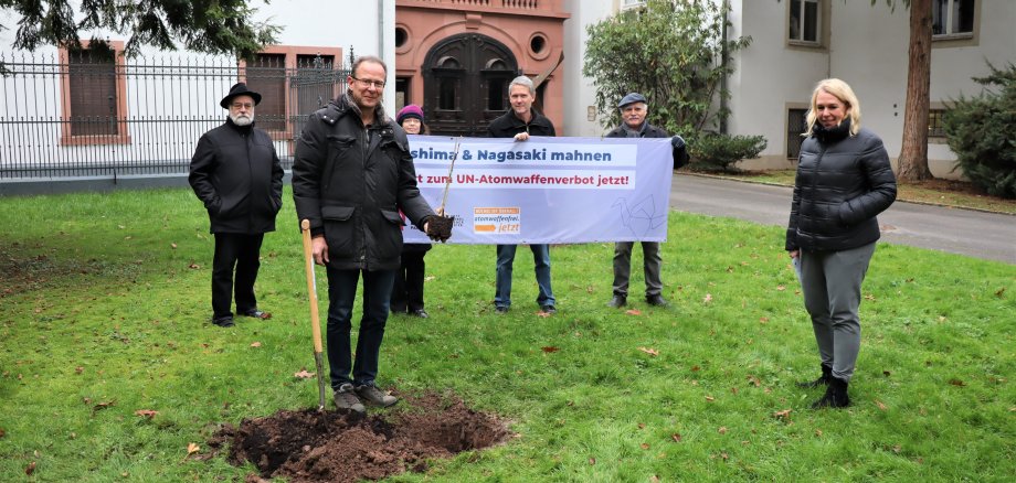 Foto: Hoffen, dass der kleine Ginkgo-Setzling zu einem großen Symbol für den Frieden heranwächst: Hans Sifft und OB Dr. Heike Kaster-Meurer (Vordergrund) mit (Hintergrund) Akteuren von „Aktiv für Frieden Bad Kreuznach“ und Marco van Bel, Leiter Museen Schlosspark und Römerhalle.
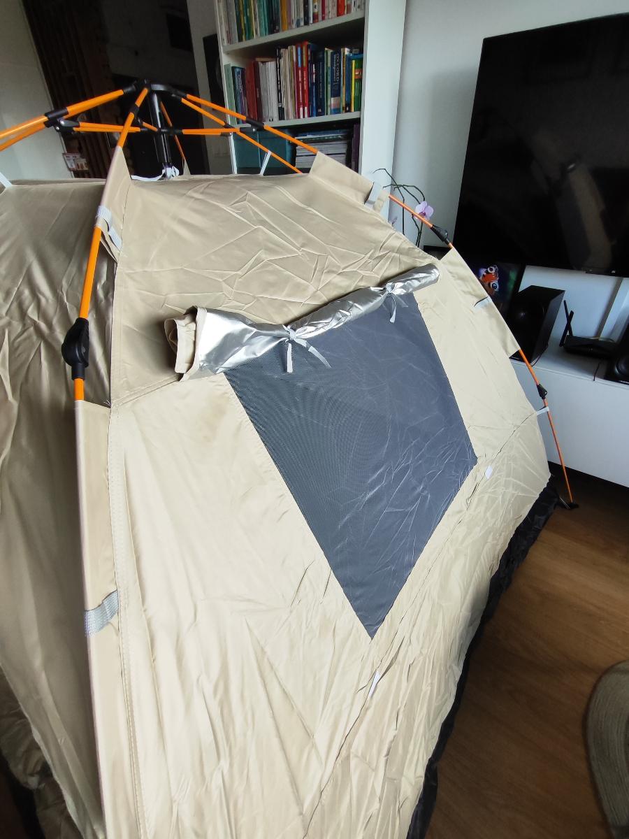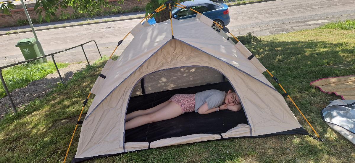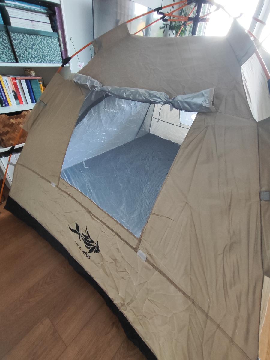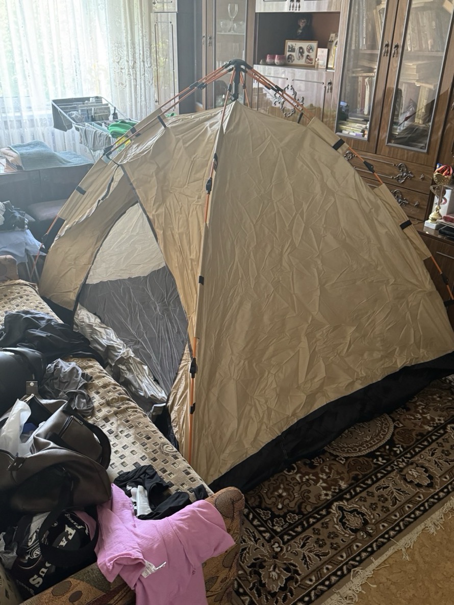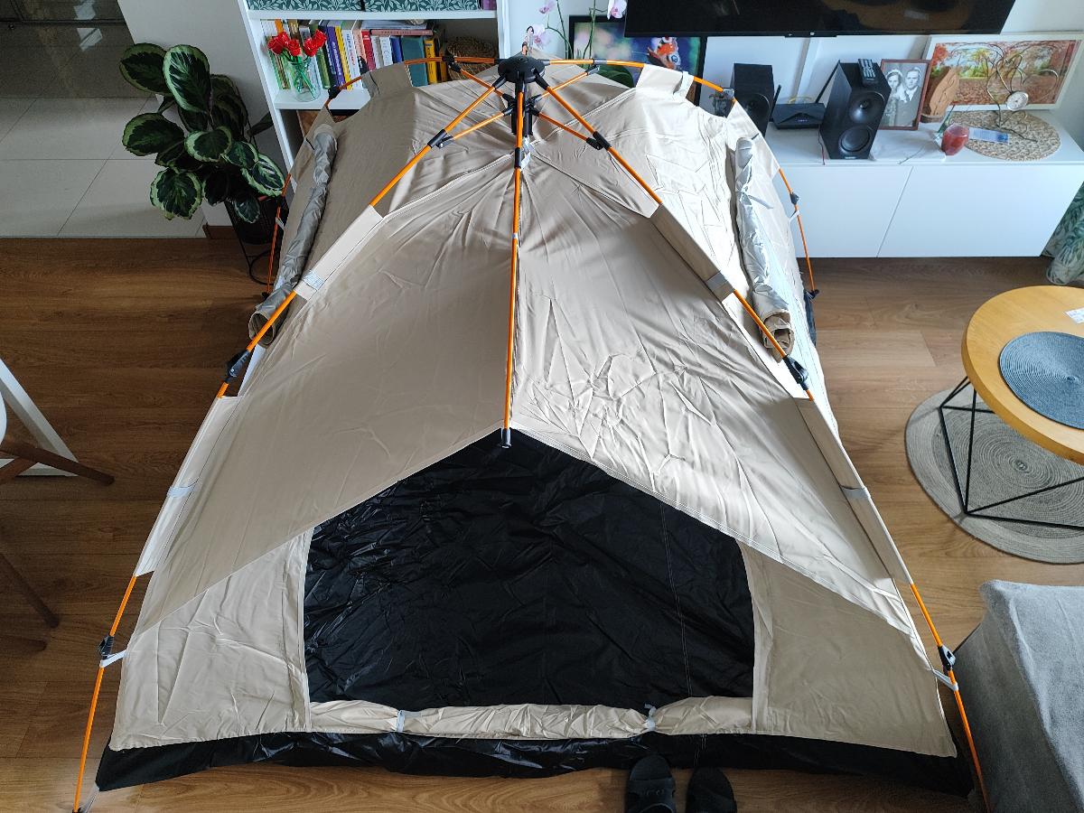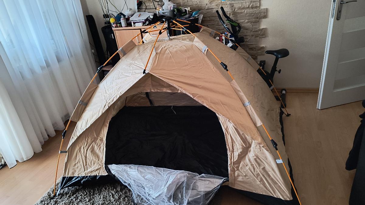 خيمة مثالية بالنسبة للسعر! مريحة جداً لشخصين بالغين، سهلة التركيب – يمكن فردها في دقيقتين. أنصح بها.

* * *

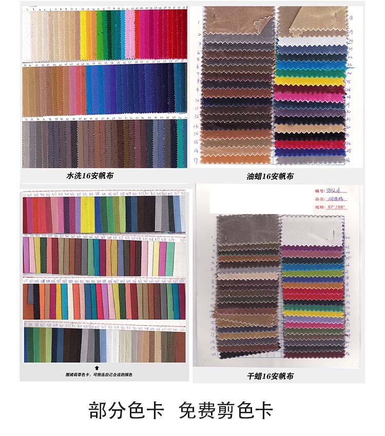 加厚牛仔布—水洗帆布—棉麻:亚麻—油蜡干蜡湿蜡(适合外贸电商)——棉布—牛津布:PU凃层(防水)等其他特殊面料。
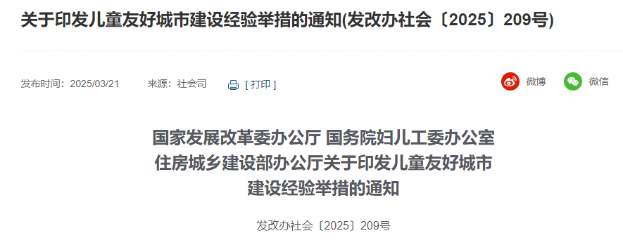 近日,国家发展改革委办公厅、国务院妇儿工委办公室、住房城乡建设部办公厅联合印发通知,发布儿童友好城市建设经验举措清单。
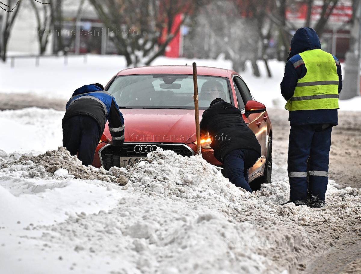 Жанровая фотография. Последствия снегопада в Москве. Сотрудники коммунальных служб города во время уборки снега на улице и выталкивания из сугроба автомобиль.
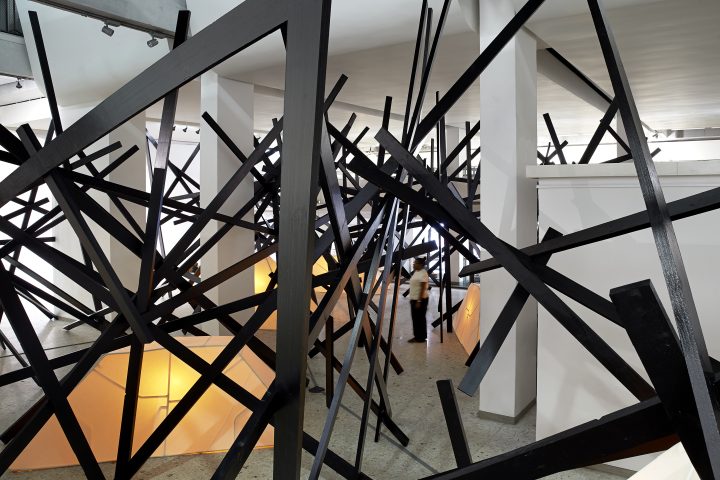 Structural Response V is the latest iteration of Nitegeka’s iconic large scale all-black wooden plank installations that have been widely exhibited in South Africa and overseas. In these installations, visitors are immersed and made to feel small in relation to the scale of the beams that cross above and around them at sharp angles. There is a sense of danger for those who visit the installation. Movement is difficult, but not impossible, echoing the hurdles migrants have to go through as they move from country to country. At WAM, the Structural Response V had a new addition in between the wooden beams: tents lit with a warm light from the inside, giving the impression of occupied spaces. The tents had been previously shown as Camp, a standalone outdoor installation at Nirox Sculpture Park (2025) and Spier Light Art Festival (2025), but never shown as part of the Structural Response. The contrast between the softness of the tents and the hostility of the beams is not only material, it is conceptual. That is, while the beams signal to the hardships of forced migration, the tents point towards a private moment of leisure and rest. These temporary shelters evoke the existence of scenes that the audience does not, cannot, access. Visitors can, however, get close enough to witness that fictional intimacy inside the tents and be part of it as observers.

==

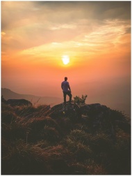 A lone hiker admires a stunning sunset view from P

→ **Task objective**: Print exactly, with no pictures, the lines above from the one that holds "Foto: Hoffen, dass" through the one that holds "خيمة مثالية بالنسبة", both of them included.

→ **Your solution**:
 Foto: Hoffen, dass der kleine Ginkgo-Setzling zu einem großen Symbol für den Frieden heranwächst: Hans Sifft und OB Dr. Heike Kaster-Meurer (Vordergrund) mit (Hintergrund) Akteuren von „Aktiv für Frieden Bad Kreuznach“ und Marco van Bel, Leiter Museen Schlosspark und Römerhalle.
 خيمة مثالية بالنسبة للسعر! مريحة جداً لشخصين بالغين، سهلة التركيب – يمكن فردها في دقيقتين. أنصح بها.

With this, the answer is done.